— DIRECTIONS —
Copy all the lines of the listing below exactly. Skip the images.

— THE DATA —
--- START ---

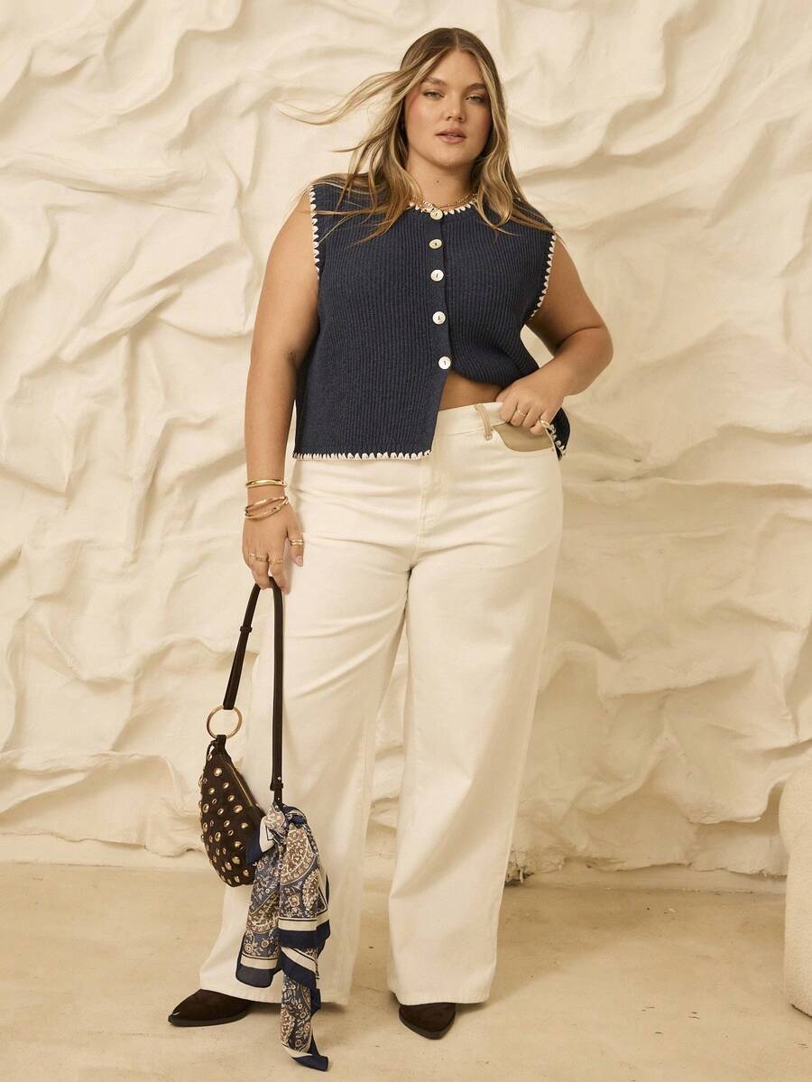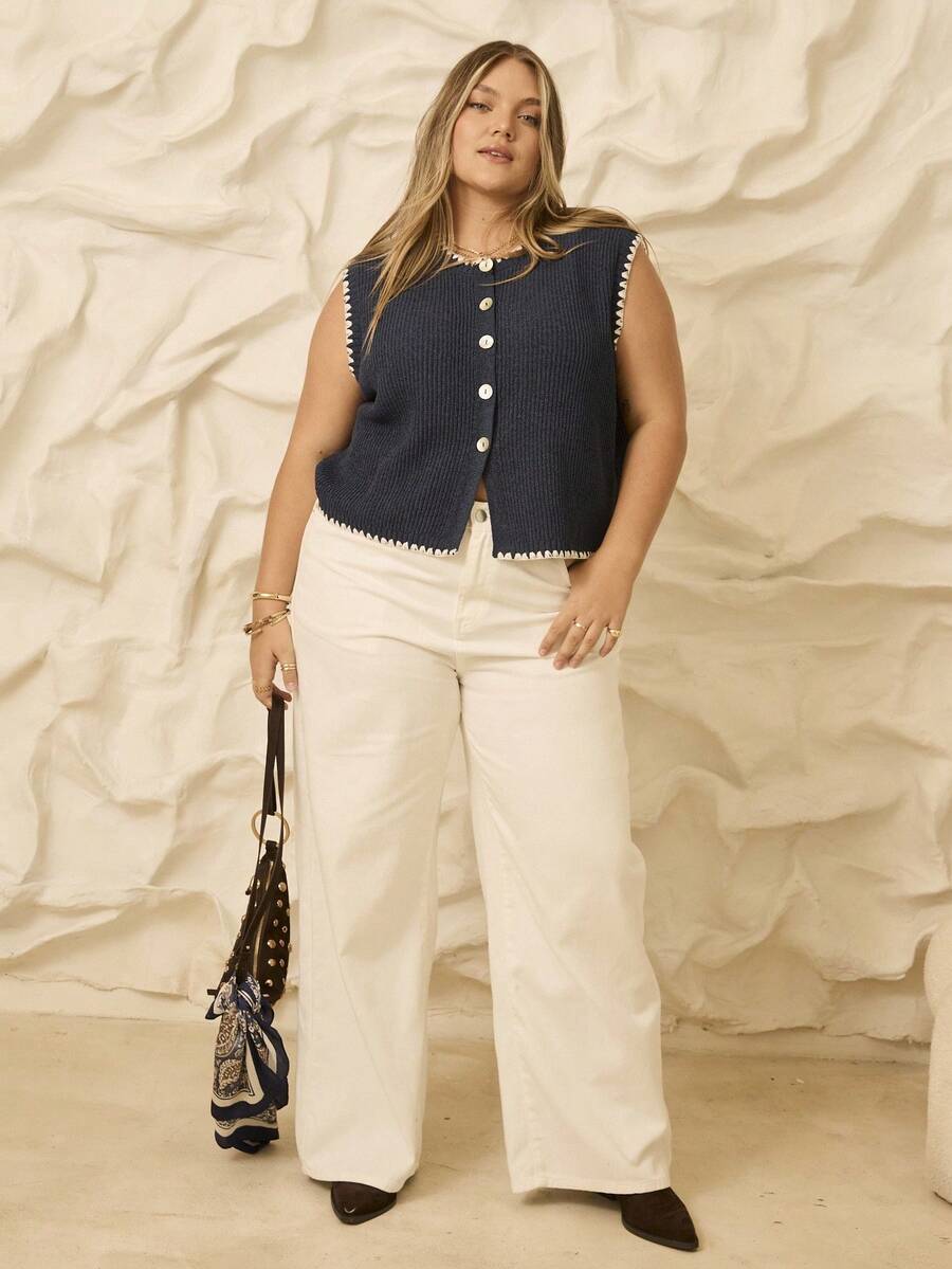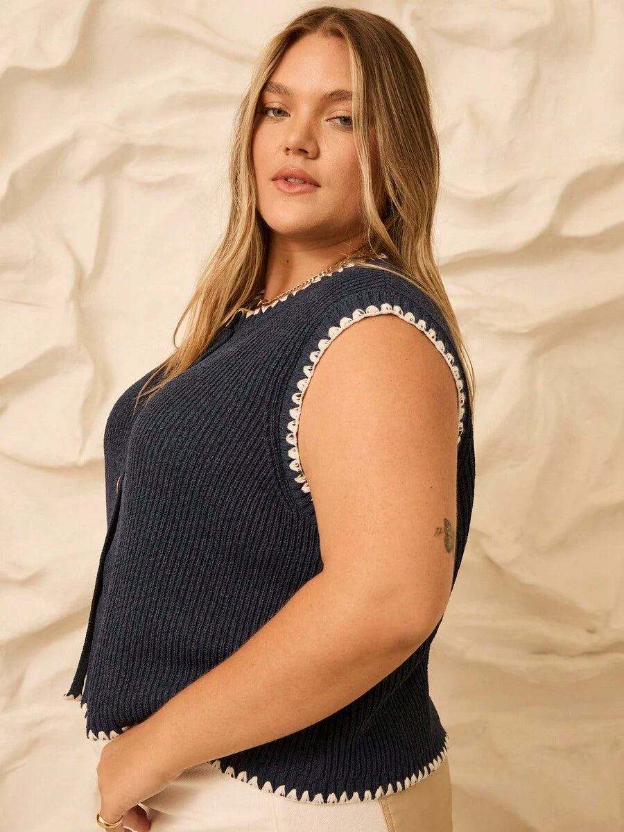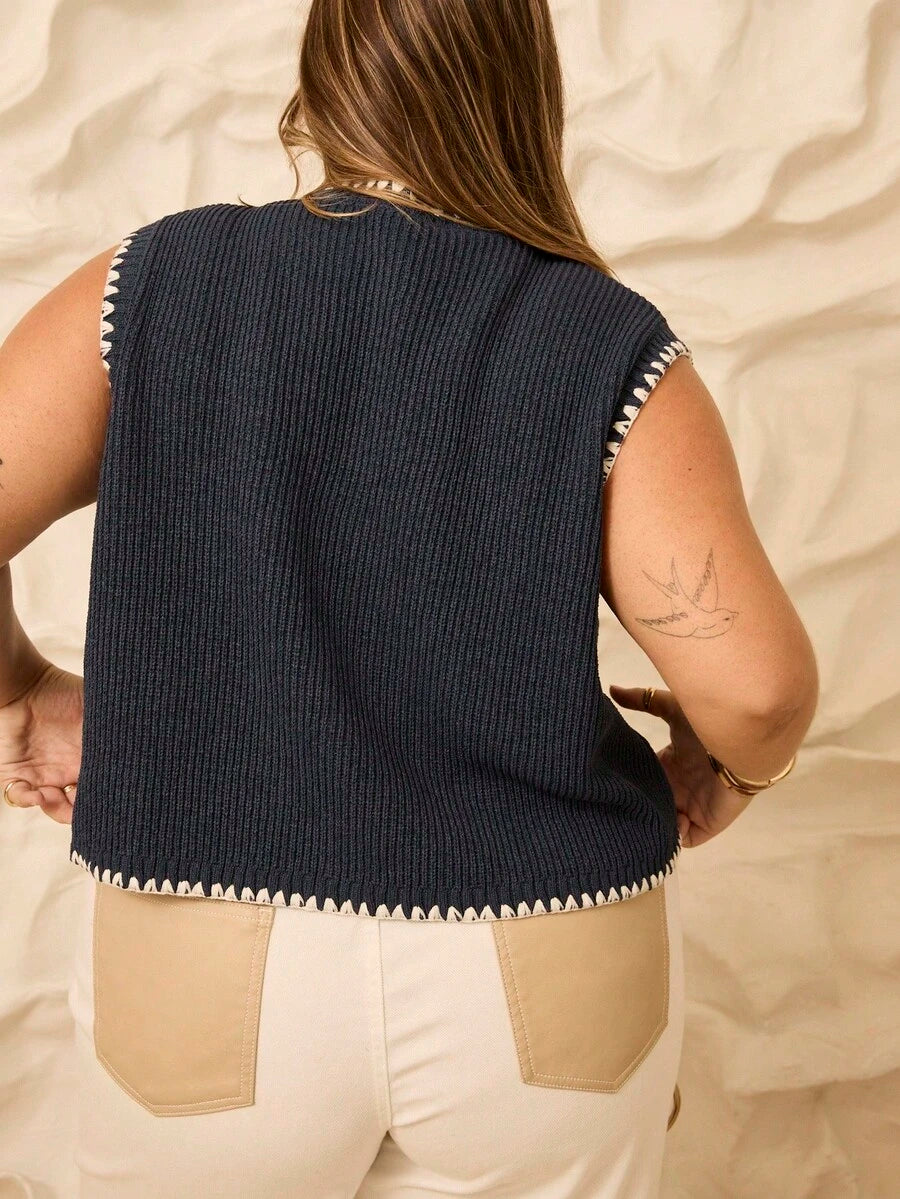 Aralina top casual de punto con botones y detalle de puntada de manta, estilo ribeteado stolkhom para otono e invierno
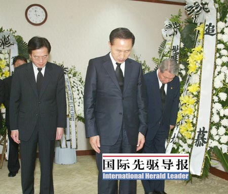 5月22日下午,一身深色西裝的李明博,臉色凝重,出現(xiàn)在中國駐韓國大使館設(shè)立的“5•12四川地震遇難者”吊唁堂內(nèi)。鞠躬默哀,敬獻(xiàn)花圈之后,李明博在吊唁簿上留言表示要與中國“共擔(dān)悲痛”,并強(qiáng)調(diào),“韓國將不遺余力地協(xié)助中國政府抗震救災(zāi)”。
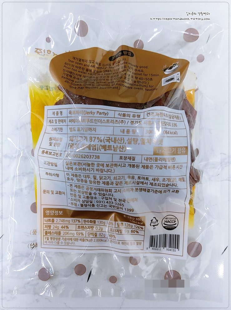 우리 가족이 육포를 먹고 싶다고 할 때에는 샘표에서 나오는 질러 육포를 주로 먹습니다만,
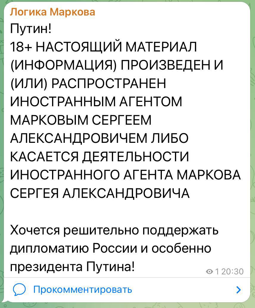 Иноагент поддерживает действующую власть, тем самым дискредитирует само звание иноагента.

--- END ---

— ANSWER SPACE —
 Aralina top casual de punto con botones y detalle de puntada de manta, estilo ribeteado stolkhom para otono e invierno
 5月22日下午,一身深色西裝的李明博,臉色凝重,出現(xiàn)在中國駐韓國大使館設(shè)立的“5•12四川地震遇難者”吊唁堂內(nèi)。鞠躬默哀,敬獻(xiàn)花圈之后,李明博在吊唁簿上留言表示要與中國“共擔(dān)悲痛”,并強(qiáng)調(diào),“韓國將不遺余力地協(xié)助中國政府抗震救災(zāi)”。
 우리 가족이 육포를 먹고 싶다고 할 때에는 샘표에서 나오는 질러 육포를 주로 먹습니다만,
 Иноагент поддерживает действующую власть, тем самым дискредитирует само звание иноагента.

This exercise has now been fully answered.